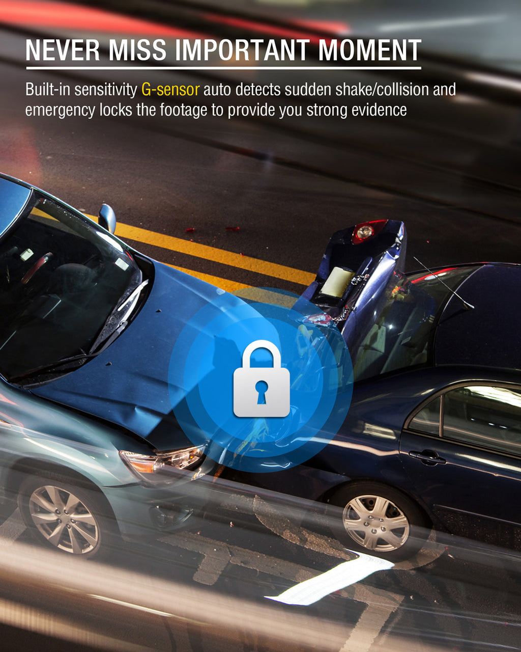 The dash camera for the car will automatically power on to record inside and front when detecting a sudden bump or impact to the car, which keeps an extra eye on your car while parked.
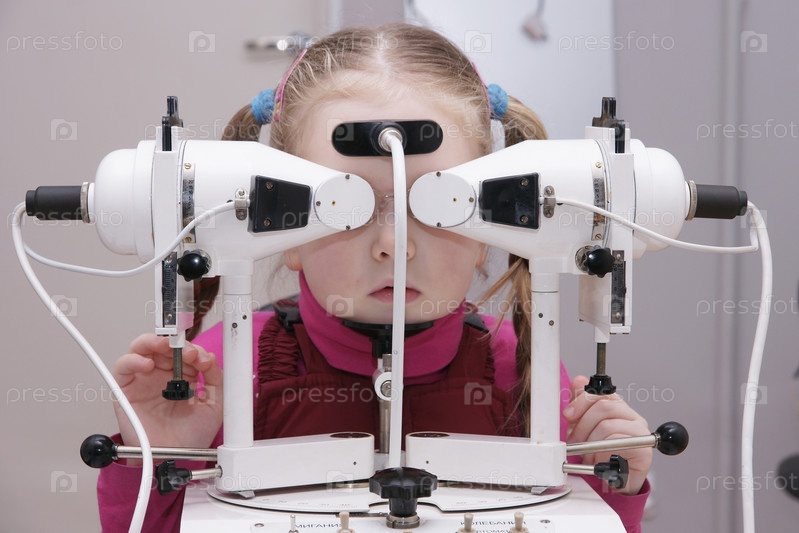 Россия. Санкт-Петербург. Проверка зрения. Девочка проходит проверку зрения на специальном офтальмологическом оборудовании. Россия. Сент-Петербург. Проверить зрение. Девушка проходит тест зрения на специальном офтальмологическом оборудовании
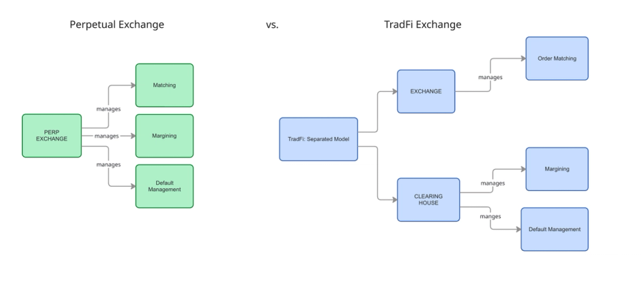 An important distinction from TradFi, which separates the exchange from the clearing house, is that a perp venue vertically integrates both. Matching, margining, liquidations, and default management all live inside one unified system.
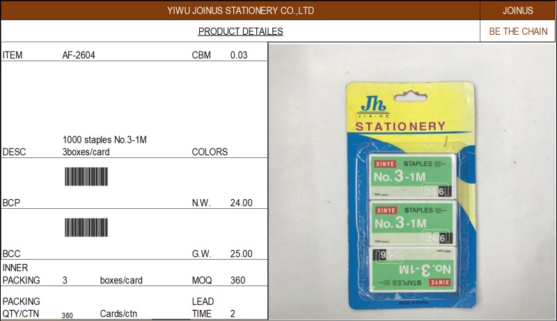 3号型订书针办公室订书机通用订书钉3号针标准型钉3包1卡AF-2604 投诉
◇ ◇ ◇
■ **WHAT YOU ARE ASKED TO DO**
Output only the lines from the line that contains "An important distinction" through the end of the material, both ends included, and skip every picture.

■ **SOLUTION FOR THIS TASK**
 An important distinction from TradFi, which separates the exchange from the clearing house, is that a perp venue vertically integrates both. Matching, margining, liquidations, and default management all live inside one unified system.
 3号型订书针办公室订书机通用订书钉3号针标准型钉3包1卡AF-2604 投诉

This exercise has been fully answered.